Assignment
A word-for-word copy of the data, with no images, is the required answer.

Available data
>>>>>
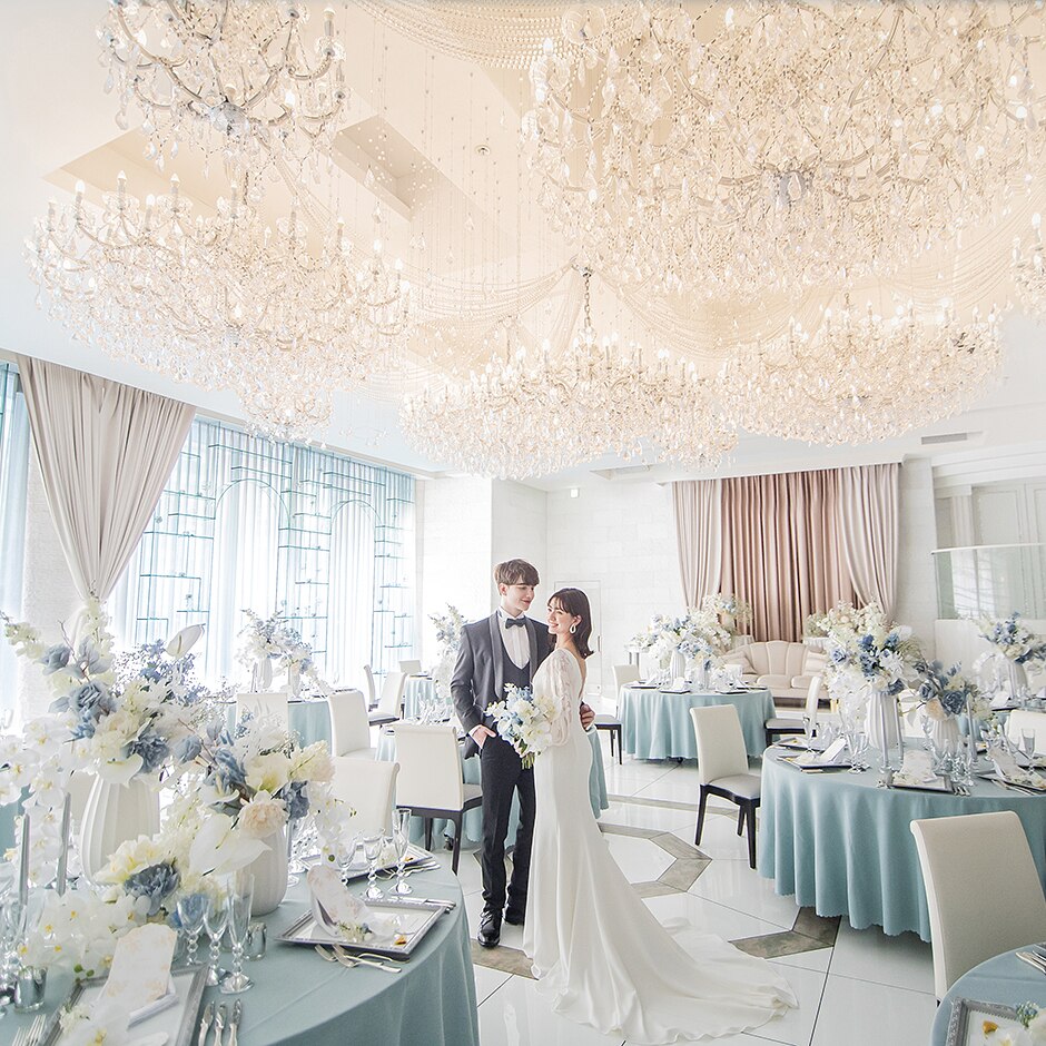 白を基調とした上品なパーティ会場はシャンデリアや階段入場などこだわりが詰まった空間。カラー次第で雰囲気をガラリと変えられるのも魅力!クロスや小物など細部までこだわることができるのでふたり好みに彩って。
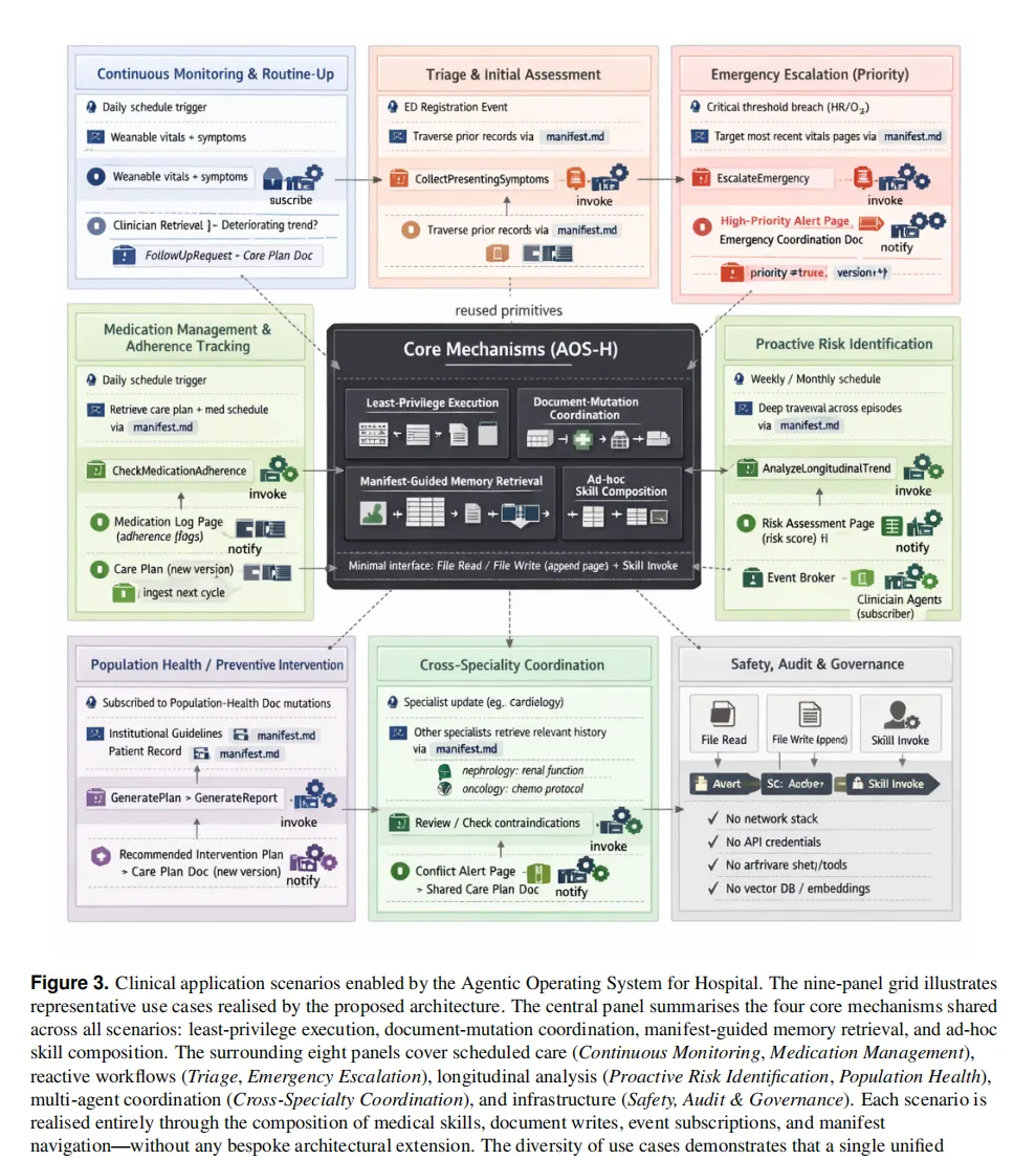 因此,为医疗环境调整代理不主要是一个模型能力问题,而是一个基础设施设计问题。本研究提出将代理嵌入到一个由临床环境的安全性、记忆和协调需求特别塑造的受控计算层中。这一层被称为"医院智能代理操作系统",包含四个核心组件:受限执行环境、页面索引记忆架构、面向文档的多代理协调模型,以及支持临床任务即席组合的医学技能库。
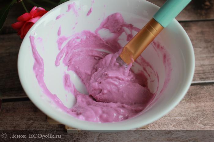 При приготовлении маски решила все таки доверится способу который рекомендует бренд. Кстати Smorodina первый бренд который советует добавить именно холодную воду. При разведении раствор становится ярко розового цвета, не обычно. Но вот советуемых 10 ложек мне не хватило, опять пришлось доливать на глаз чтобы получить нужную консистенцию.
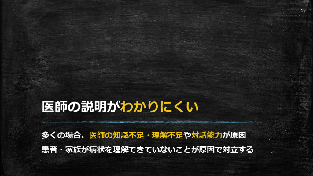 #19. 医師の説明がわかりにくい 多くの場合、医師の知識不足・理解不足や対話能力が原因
<<<<<
Answer area
 白を基調とした上品なパーティ会場はシャンデリアや階段入場などこだわりが詰まった空間。カラー次第で雰囲気をガラリと変えられるのも魅力!クロスや小物など細部までこだわることができるのでふたり好みに彩って。
 因此,为医疗环境调整代理不主要是一个模型能力问题,而是一个基础设施设计问题。本研究提出将代理嵌入到一个由临床环境的安全性、记忆和协调需求特别塑造的受控计算层中。这一层被称为"医院智能代理操作系统",包含四个核心组件:受限执行环境、页面索引记忆架构、面向文档的多代理协调模型,以及支持临床任务即席组合的医学技能库。
 При приготовлении маски решила все таки доверится способу который рекомендует бренд. Кстати Smorodina первый бренд который советует добавить именно холодную воду. При разведении раствор становится ярко розового цвета, не обычно. Но вот советуемых 10 ложек мне не хватило, опять пришлось доливать на глаз чтобы получить нужную консистенцию.
 #19. 医師の説明がわかりにくい 多くの場合、医師の知識不足・理解不足や対話能力が原因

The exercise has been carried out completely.